Le rôle des élus du gouvernement fédéral s'érodera davantage si Ottawa donne suite à sa suggestion de proroger le Parlement à chaque année, prédisent les experts.

Le président du Forum des politiques publiques à Ottawa, David Mitchell, va même jusqu'à dire que cette décision remettrait en question l'existence du Parlement.

Le premier ministre Stephen Harper, a suspendu, la semaine dernière, les activités du Parlement jusqu'au mois de mars, soit à la fin des Jeux olympiques de Vancouver. Son porte-parole a qualifié cette décision de «routine», soulignant que cela était arrivé 104 fois dans l'histoire du pays.

La décision a été immédiatement dénoncée par les partis de l'opposition, qui ont accusé les conservateurs de miner la démocratie et la transparence, particulièrement lorsqu'il est question du traitement des détenus afghans par les Forces militaires canadiennes.

Une rumeur persistante à Ottawa semble indiquer que les conservateurs pourraient proroger le Parlement à la fin de chaque nouvelle année.

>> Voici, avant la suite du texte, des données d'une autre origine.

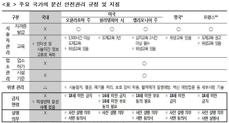 주요 국가에서는 이러한 특성에 따라 ▲미성년자 문신 금지 ▲시술 전 정보 고지 ▲이용자 사전 동의 ▲시술자 교육 ▲문신 업소 관리 ▲위생 관리 ▲염료 관리 등을 수행하고 있다.
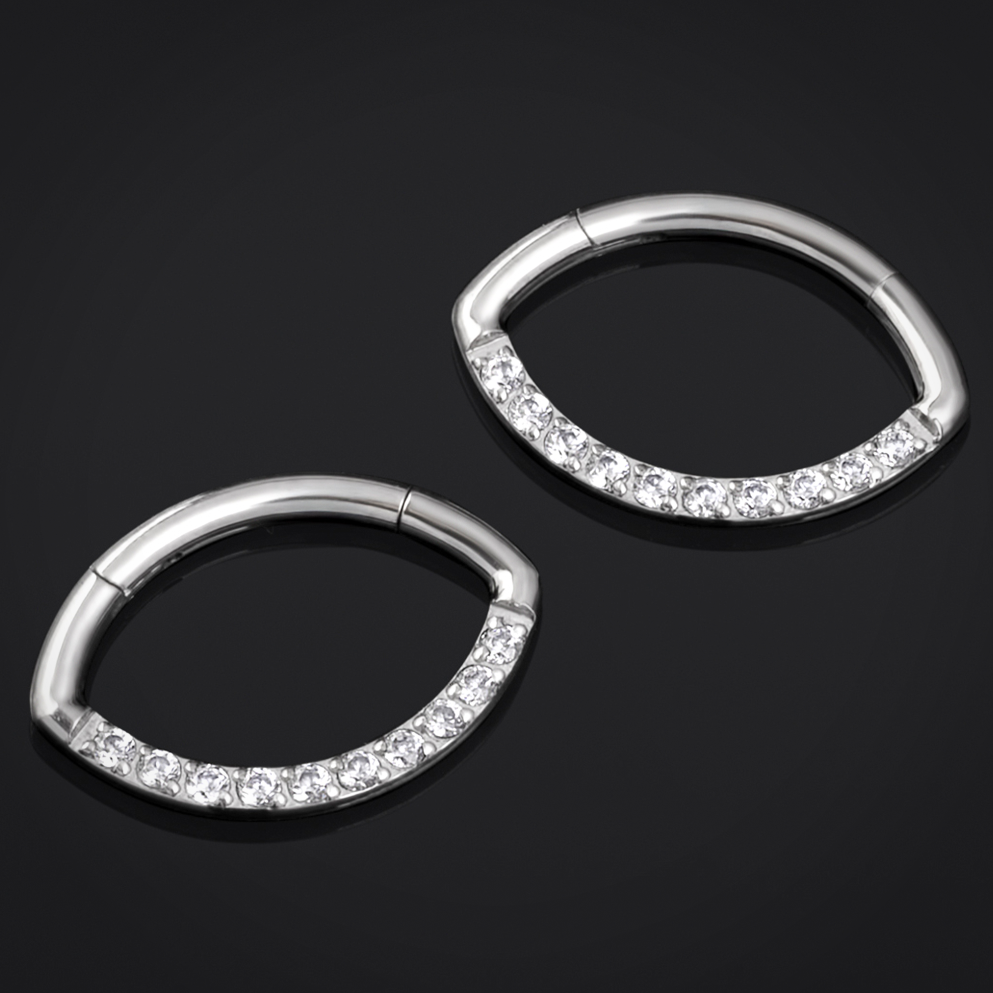 Titanium Marquise Hinged Segment Ring with Clear Gems.
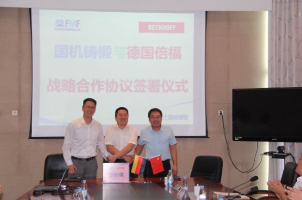 [2018年8月30日,中國(guó)] 2018 年 8 月 30 日,德國(guó)倍福自動(dòng)化有限公司(Beckhoff)與濟(jì)南國(guó)機(jī)鑄鍛機(jī)械有限公司(FMF,以下簡(jiǎn)稱國(guó)機(jī)鑄鍛)在濟(jì)南國(guó)機(jī)鑄鍛會(huì)議廳舉行戰(zhàn)略合作協(xié)議簽約儀式。國(guó)機(jī)鑄鍛總經(jīng)理龐洛明先生、副總經(jīng)理李峰先生;北京科林卓煜科技有限公司總經(jīng)理姚道華先生;倍福中國(guó)運(yùn)營(yíng)總監(jiān)馬興凱先生、銷售總監(jiān)郭禪禪先生、北方區(qū)銷售經(jīng)理孫峰先生等出席了簽約儀式。

Le geste deviendrait ainsi routinier, permettant au gouvernement de recommencer à neuf avec un discours du Trône ainsi qu'avec l'annonce de son budget.

Les conservateurs plaident que cela fournira au public canadien une idée claire de ce que le gouvernement souhaite accomplir au cours de l'année à venir.

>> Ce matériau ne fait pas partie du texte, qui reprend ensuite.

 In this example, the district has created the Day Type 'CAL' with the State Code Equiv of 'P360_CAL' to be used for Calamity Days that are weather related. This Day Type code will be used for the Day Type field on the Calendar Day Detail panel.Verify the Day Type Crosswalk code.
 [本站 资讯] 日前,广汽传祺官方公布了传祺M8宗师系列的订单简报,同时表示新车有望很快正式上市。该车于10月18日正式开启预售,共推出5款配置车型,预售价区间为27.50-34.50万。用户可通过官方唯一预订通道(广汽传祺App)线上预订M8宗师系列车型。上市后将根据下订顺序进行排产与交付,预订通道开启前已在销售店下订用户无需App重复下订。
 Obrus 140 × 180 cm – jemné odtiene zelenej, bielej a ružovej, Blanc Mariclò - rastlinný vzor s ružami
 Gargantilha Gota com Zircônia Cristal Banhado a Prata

Mais le problème avec une telle décision est que cela met un terme aux activités parlementaires et dissout les comités. Les projets de lois sont également tués dans l'oeuf et le travail effectué par les députés élus à Ottawa est interrompu.

Par exemple, la décision de proroger le Parlement défait tout le travail abattu par les députés au cours de l'année sur la présentation de projets de loi sur le durcissement des peines pour les criminels.

Selon M. Mitchell, l'utilisation de la prorogation par le gouvernement démontre qu'il croit que le Parlement est devenu une «nuisance» à gérer plutôt qu'une partie prenante du processus démocratique. Il estime également que les Canadiens préoccupés par la démocratie devraient s'inquiéter de cette manoeuvre gouvernementale.

«Puisque la prorogation du Parlement est devenue quelque chose de fréquent, et cela, selon le gré et le bon vouloir du gouvernement en place, peu importe quel qu'il soit, cela soulève des questions au sujet de son utilité et de sa pertinence», a soutenu le président de l'organisme, ajoutant que cela était «troublant» pour quiconque qui s'en préoccupe.

La prorogation annuelle soulève également la question de son efficacité, croit M. Mitchell, puisque la législation doit recommencer à neuf au début de chaque session, ce qui ralentirait le processus.

Le politologue de l'Université de Toronto, Nelson Wiseman, croit quant à lui que la pertinence du Parlement a commencé à s'éroder il y a de cela plusieurs années, soit depuis le changement de la politique des dépenses électorales en 1974.

Cette «détérioration» s'est accélérée au cours de la dernière décennie, dit M. Wiseman. Par exemple, le gouvernement d'Ernie Eves, en Ontario, a décidé de présenter son budget de 2003 au siège social de fabricant de pièces automobiles, Magna International. Plus récemment, M. Harper a aussi présenté ses bilans économiques de plus en plus loin de la Chambre des communes, d'abord à Cambridge, en Ontario, puis à Saint-Jean, au Nouveau-Brunswick et finalement, en Chine.

Il y a plusieurs années, cela aurait suscité des critiques, croit M. Wiseman. L'on aurait par exemple dit que le gouvernement fait preuve de peu de respect face aux parlementaires. Mais cela n'est plus vrai aujourd'hui, soutient-il, et la décision démontre que le bureau du premier ministre a le gros bout du bâton dans la tension qui existe entre le gouvernement et les législateurs.

«Ils contrôlent le calendrier. Lorsque les choses vont mal, ils prorogent», a affirmé M. Wiseman, qui déplore également le fait que le public semble faire peu de cas de cette situation.